Based on the research milestones according to the list on the Cystic Fibrosis Foundation site, there is good reason for hope of a cure

  • 1938 Dorothy Andersen, M.D. writes the first comprehensive medical report on cystic fibrosis (CF).
  • 1962 The CF predicted median survival age is 10 years.
  • 1989 A team of Cystic Fibrosis Foundation-supportes scientists discovers the defective CF gene and its protein product (CFTR) thus opening the door to understanding the disease at its most basic level.
  • 1994 The Food and Drug Administration (FDA) approves Pulmozyme, which is proven to thin the tenacious, sticky mucus in the lungs – and is the first drug developed specifically for CF.
  • 1997 The FDA approves TOBI, the first aerosolized antibiotic designed for CF, which is proven to reduce hospital stays and improve lung function.
  • 2006 The predicted median age of survival for those with CF increases to 37 years.
  • 2010 VX-809, a second Vertex drug aimed at treating the basic CF defect, shows encouraging results in a Phase 2a clinical trial.More than 30 potential therapies are in the Foundation’s drug discovery and development pipeline. The more drugs in the pipeline, the greater the odds of producing successful therapies and a cure for CF.The FDA approves Cayston® (aztreonam for inhalation solution), the first inhaled antibiotic for the treatment of CF approved in more than a decade.
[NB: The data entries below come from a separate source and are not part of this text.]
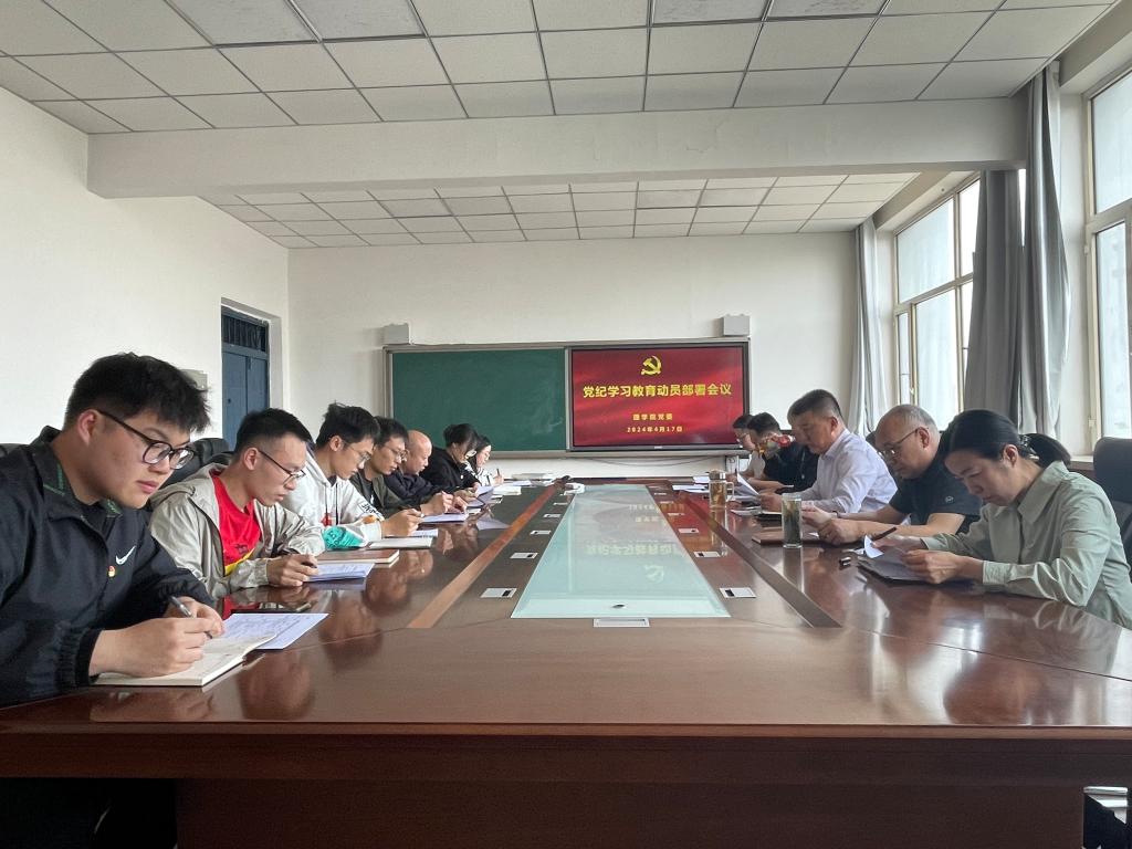 会议强调,开展党纪学习教育是党的政治生活中的一件大事,非常及时、十分必要。学院党委要围绕深入学习贯彻习近平总书记关于党纪学习教育的重要讲话和重要指示精神,强化组织领导,抓好督促落实,务求学习教育取得实效。要着重在两个方面下功夫:一是组织全院师生党员原原本本、逐章逐条学好《条例》;二是抓好警示教育。要将开展党纪学习教育与巩固拓展主题教育成果有机衔接,与落实党中央重大决策部署紧密结合;与落实学校十届一次教代会报告任务紧密结合,两手抓、两促进,使党纪学习教育措施成为促进中心工作的有效举措,使党纪学习教育成效切实转化为学院高质量发展成果。
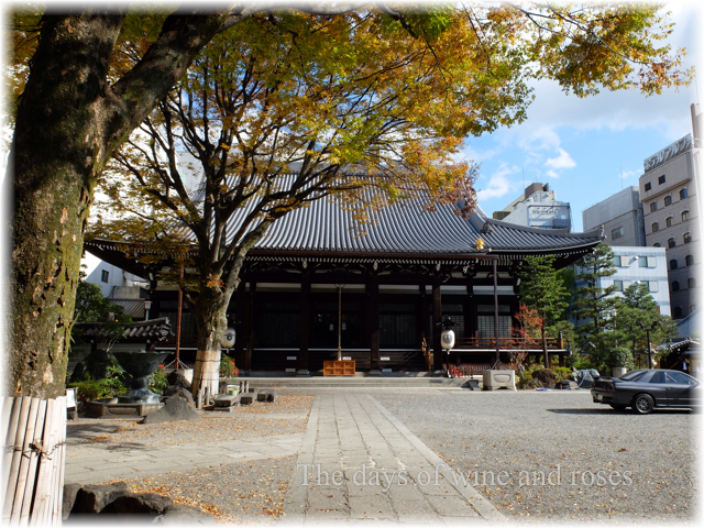 ほどよく色づいた葉が飾る大きな境内です。本堂は整然と美しく、結構新しそう。
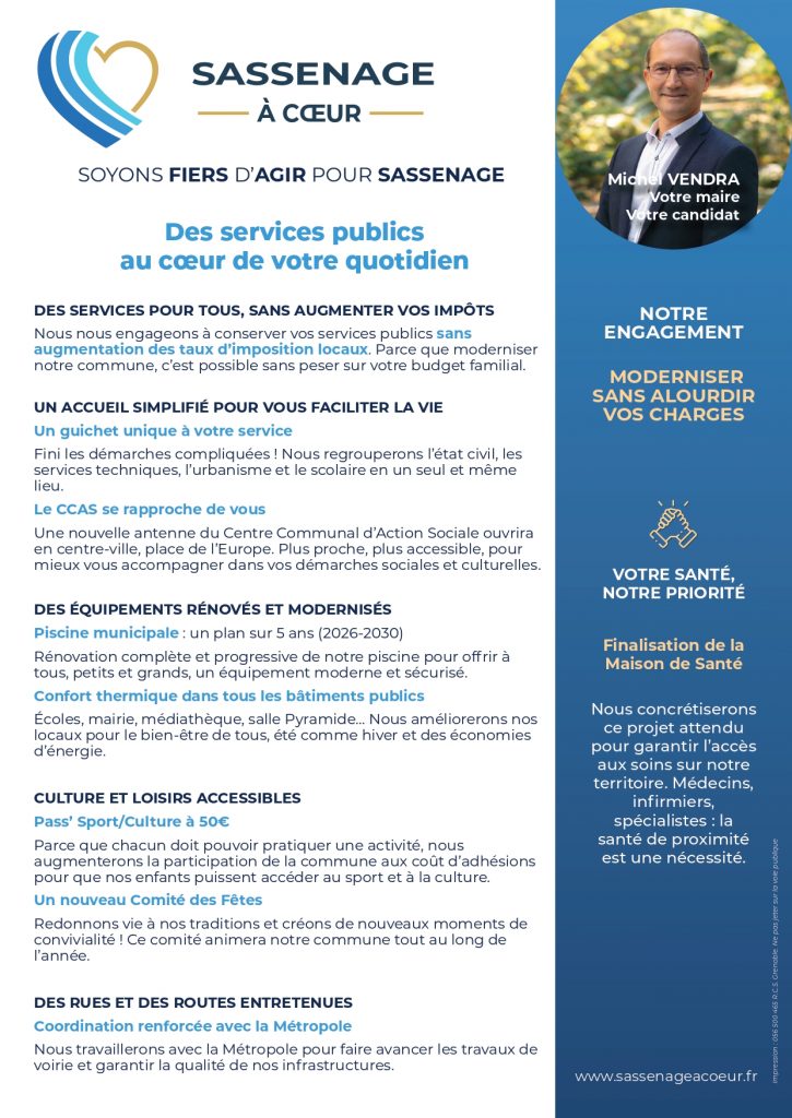 Parmi les idées mises en avant par l’équipe sortante de Michel Vendra, Sassenage à cœur, figure la création d’un accueil centralisée regroupant plusieurs services municipaux : état civil, urbanisme, scolaire ou encore services techniques, afin de simplifier les démarches administratives des Sassenageois et Sassenageoises. Le projet prévoit également l’ouverture d’une antenne du Centre communal d’action sociale (CCAS) en centre-ville, place de l’Europe, pour rapprocher l’accompagnement social des habitants et améliorer son accessibilité.
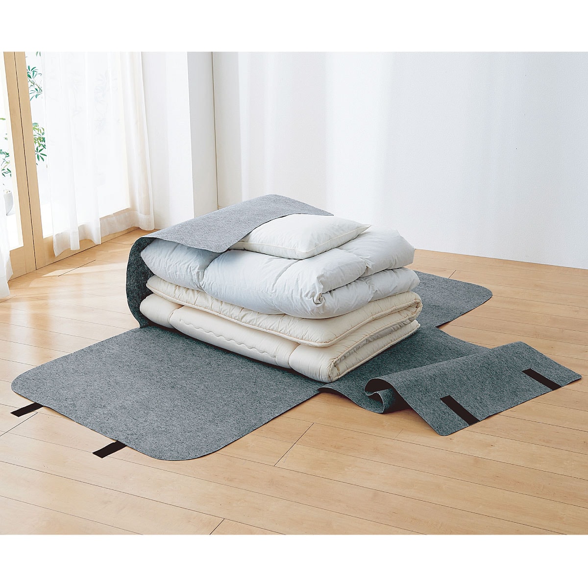 面テープ付きのベルトで寝具や衣類をやさしく圧縮・収納。
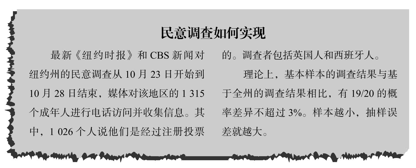 统计科学提供了一种方法,使得调查者能够确定样本统计量可以很好地估计总体参数。例如,调查或投票结果经常涉及误差幅度的概念。通过加减误差幅度,可以得到样本统计量的区间(即置信区间),它很可能包含总体参数。在大多数情况下,误差幅度被定义为该范围包含总体参数的置信度为95%。我们将在第八章讨论有关“可能”和“95%置信度”的精确定义。《纽约时报》( The New York Times )上有一个十分有用的解释(如图1-1所示)。在尼尔森案例中,误差幅度是1%。因此,如果样本中31%的人观看超级碗橄榄球比赛,那么总体中有30%~32%的人观看超级碗比赛的这个结论有95%的置信度。
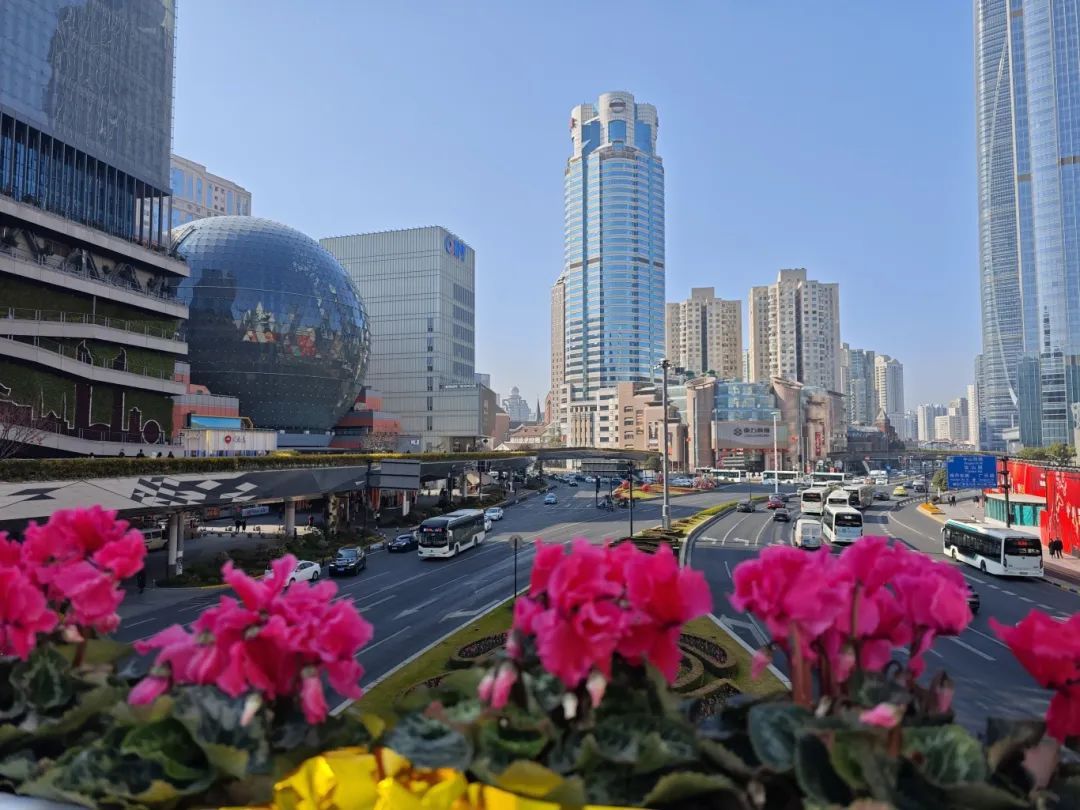 沿街的花箱里郁金香含苞待放,马路中央霹雳石竹尽情盛开,人行天桥被布置成了一条“花路”,仙客来、郁金香、康乃馨、雏菊等红橙色系花卉一溜排开,春意盎然。据了解,为迎接即将到来的春节,区绿容局在徐家汇片区、衡山路沿线、肇嘉浜路沿线、上海南站等区域进行节日氛围布置,其中包括徐家汇天桥连廊摆花,在绿地中挂灯笼、中国结等传统挂饰,同时对道路沿线花箱进行布置,选用仙客来、郁金香、霹雳石竹、茶梅、杜鹃等花卉品种,营造浓厚的过年氛围。
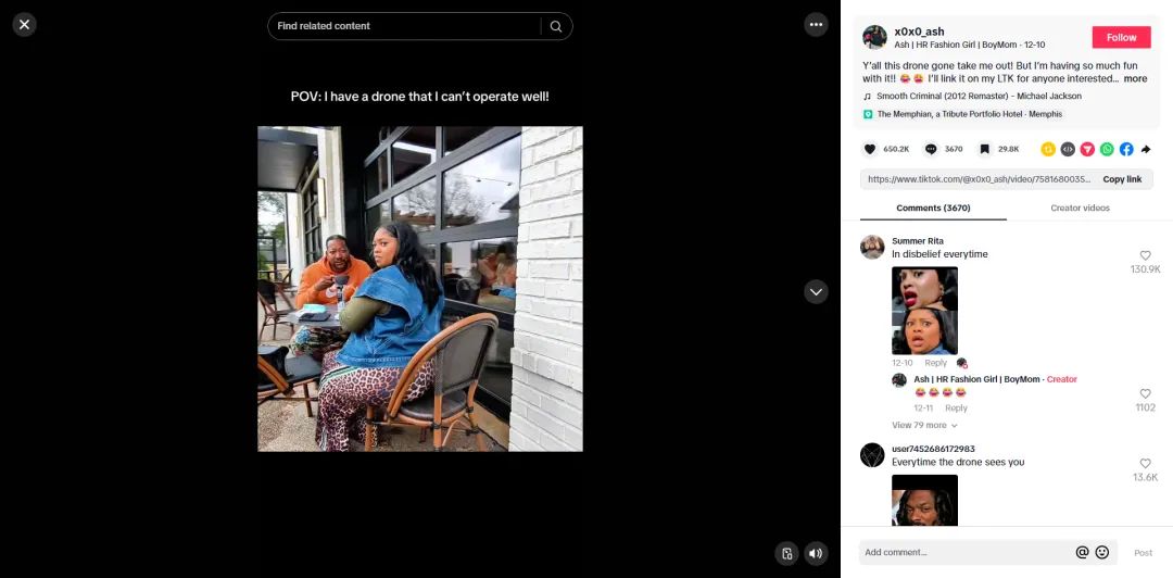 她没有讲产品参数,而是用“POV:我有一台不太会操作的无人机”的趣味视角,一边吐槽“它好像要把我干掉”,一边开心玩闹,真实又有代入感。这条生活化的视频收获650k点赞、430万播放,还在LTK上挂出购买链接,实现“种草-转化”无缝衔接。
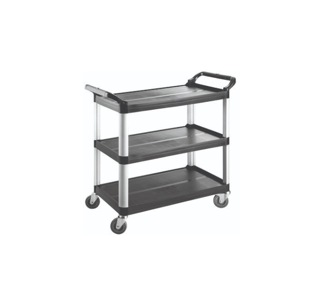 Сервировочная тележка Empero EMP.PSV.03 используется на предприятиях общественного питания для перемещения готовых блюд, напитков и посуды в зал приема пищи, а также для подачи грязной посуды из зала в моечное отделение. Модель оснащена 3-мя вместительными полками и 4-мя подвижными колесами. Стойки выполнены из алюминия, полки - из ударопрочного пластика.
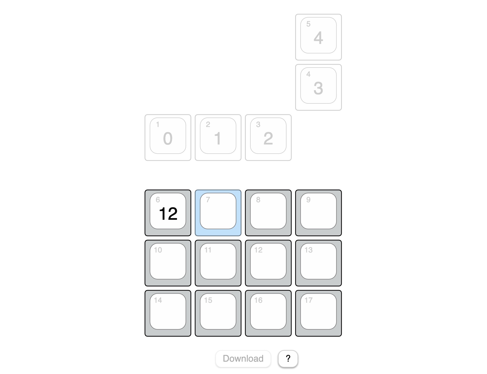 The recorded hardware key number is now visible at the center of the key (12). Then the next key is highlighted. Continue until you have pressed all the keys. You can always select a key with the mouse to change incorrect entries. When you have pressed all the keys, click the Download button. This will save a mapping.js file in your downloads folder. Copy this file to your keyboard.
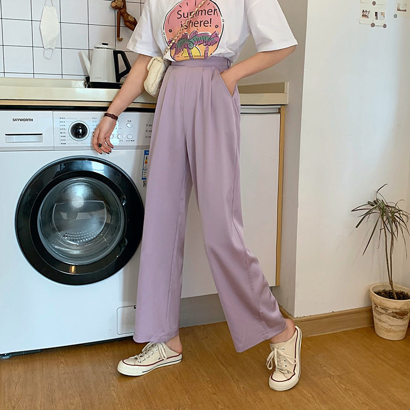 休闲裤女夏季宽松垂感裤子高腰直筒阔腿裤时尚大码西装裤长裤
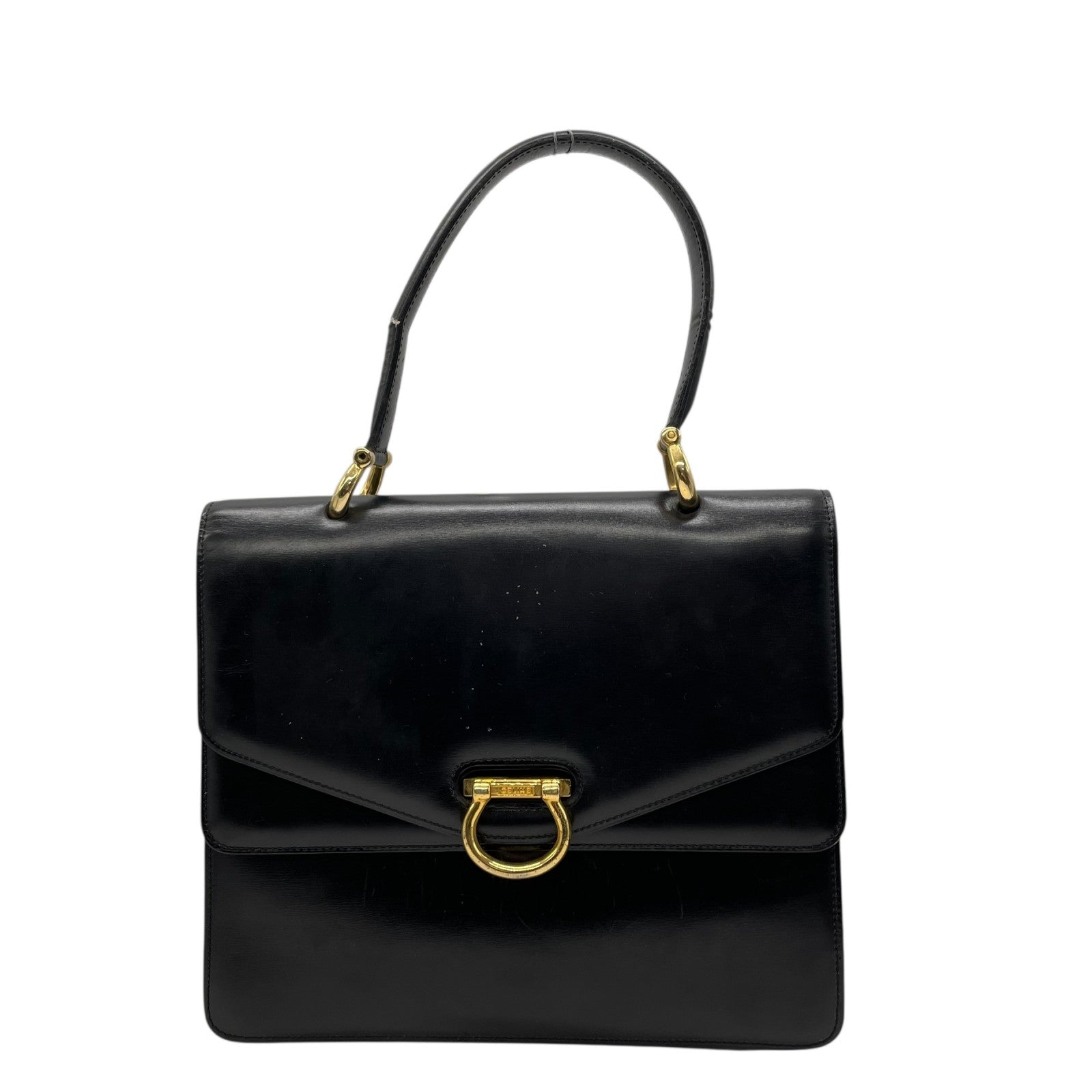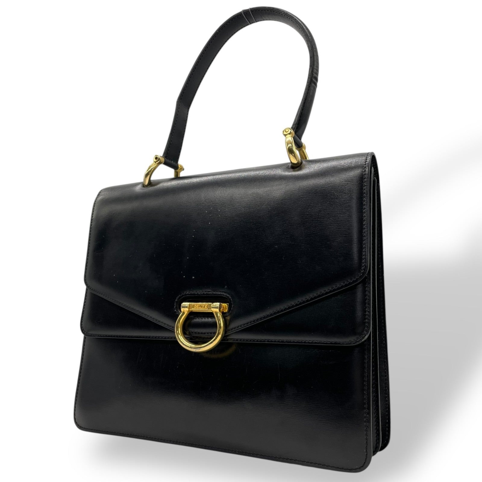 CELINE セリーヌ ハンドバッグ レザー 黒 ブラック ゴールド金具 トップハンドル 手提げ ヴィンテージ オールドセリーヌ レディース J
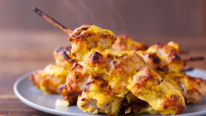 Tikka terbuat dari daging ayam yang diolesi bumbu dan dipanggang hingga matang sempurna.
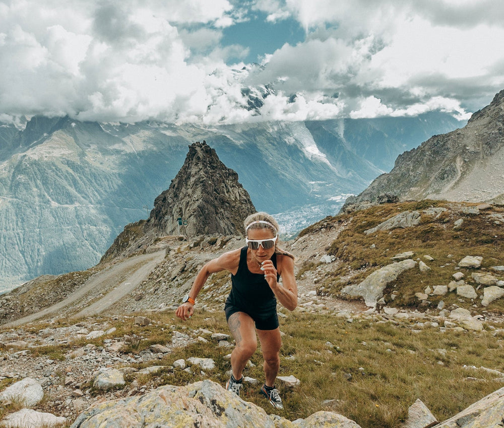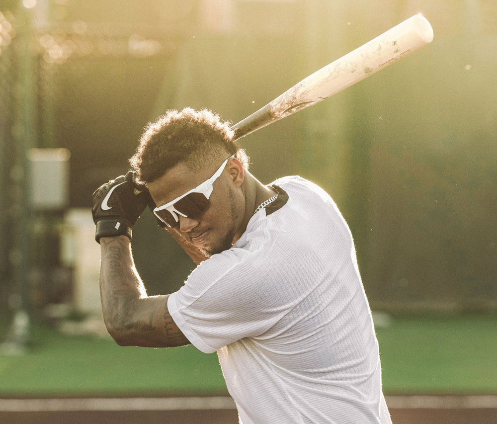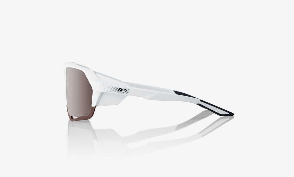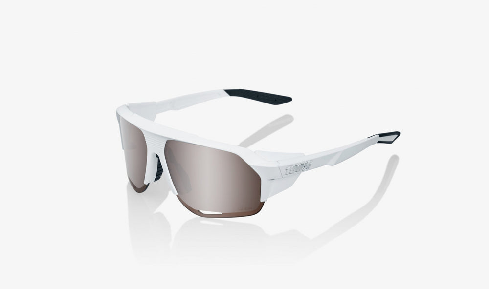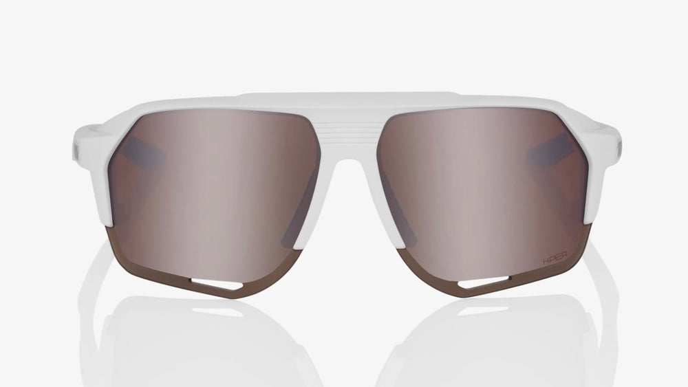A modern athletic-inspired sunglasses design featuring a bold white upper frame with a distinctive brown lower accent. The sporty silhouette has angular geometric lines and a contemporary floating lens design. The frame has a textured matte finish with subtle horizontal striping details on the upper portion. The wraparound temple design suggests enhanced stability for active wear.
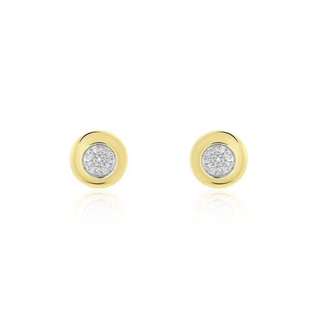 Boucles D’oreilles Puces Or Jaune 375/1000 Pastilles Pavages Diamants
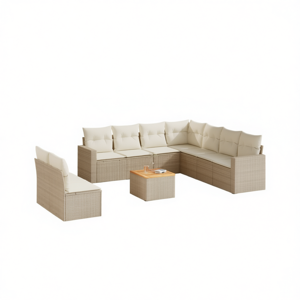 Conjunto de Sofás de Jardín de Ratán Beige, 6 Plazas, Muebles de Exterior, Diseño Contemporáneo
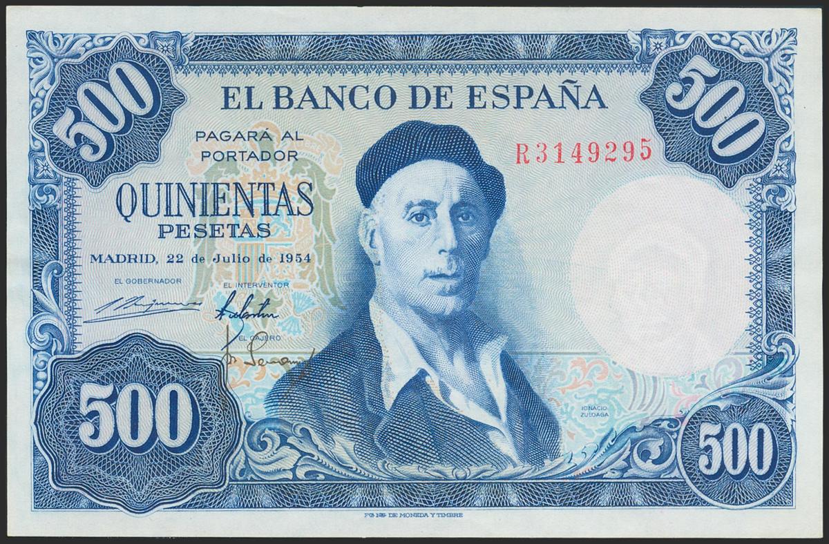 500 Pesetas. 22 de Julio de 1954. Serie R. (Edifil 2021: 468a). Conserva todo su apresto original. SC-.
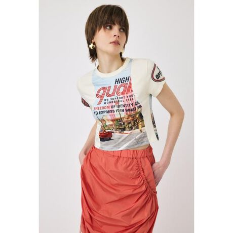 【REMAKE PRINT TINY TSJ】MOUSSYの今季のテーマでもある原点進化をもとに、2000年代当時、実際にMOUSSYで発売していた商品のグラフィックを用いたり、ここ最近で使用していたグラフィックを混ぜて、今っぽくリメイクしたかのようなTシャツに仕上げました。素材もツルッとしたものと綿素材の2種類の素材を使用。前後で見え方を変えており、1枚で決まる、インパクトのあるTシャツに仕上げているので、ボトムスはシンプルに仕上げるのも◎■透け感:なし■光沢感:なし■伸縮性:ややあり■裏地:なし
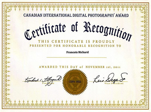 International Digital Photography Award, j'ai reçu une mention de reconnaissance de mon travail.
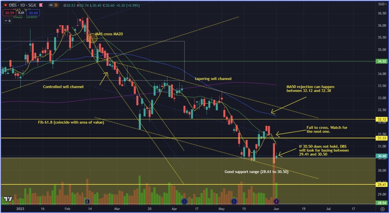 For DBS, it's interesting to note the tapering controlled sell channel and the testing of the lower end. The key level at 30.50 seems to be holding strong, providing support for the stock. Your tactical Dollar cost averaging strategy between 30.50 and 29.41 sounds like a smart move. Let's see how the basing formation develops and if the resistance at 32.12 can be broken in the future.
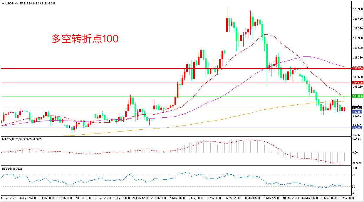 周三(3月16日),有消息称俄乌双方已经准备好一份在乌克兰保持中立、裁军的前提下实施的停火撤军计划,美国WTI原油闻声下挫,收报95.82美元/桶。晚间,美国能源信息署公布的EIA数据显示,美国当周原油库存意外超预期,需求下降仍然给油价短线下行压力,谨防油价出现大幅回落。

Pure, genetic resolution of the core issue is just around the corner! I’ve been benefiting from Pulmozyme for over half my life now, but it was the only “wonder drug” for years and years. Now we have Cayston and some genetic super-wonder drugs in the end phases of FDA trials. I should qualify for the next trial, which I will only do as long as I’m able to stay on my current meds. I don’t mind going on a placebo, as long as I don’t have to stop doing what is working now.

We are still in discussions about how to handle trials now, since my last trial landed me on IVs last year. The problem was that I had to stop taking one of my meds to qualify so they could study the trial med without the possibility that it was being affected by being on the other one. My lung functions bombed and they put me on IVs on the spot during the trial. It’s not something we can risk again, so we will have to pay special attention to the rules of the study if I decide to look at one again.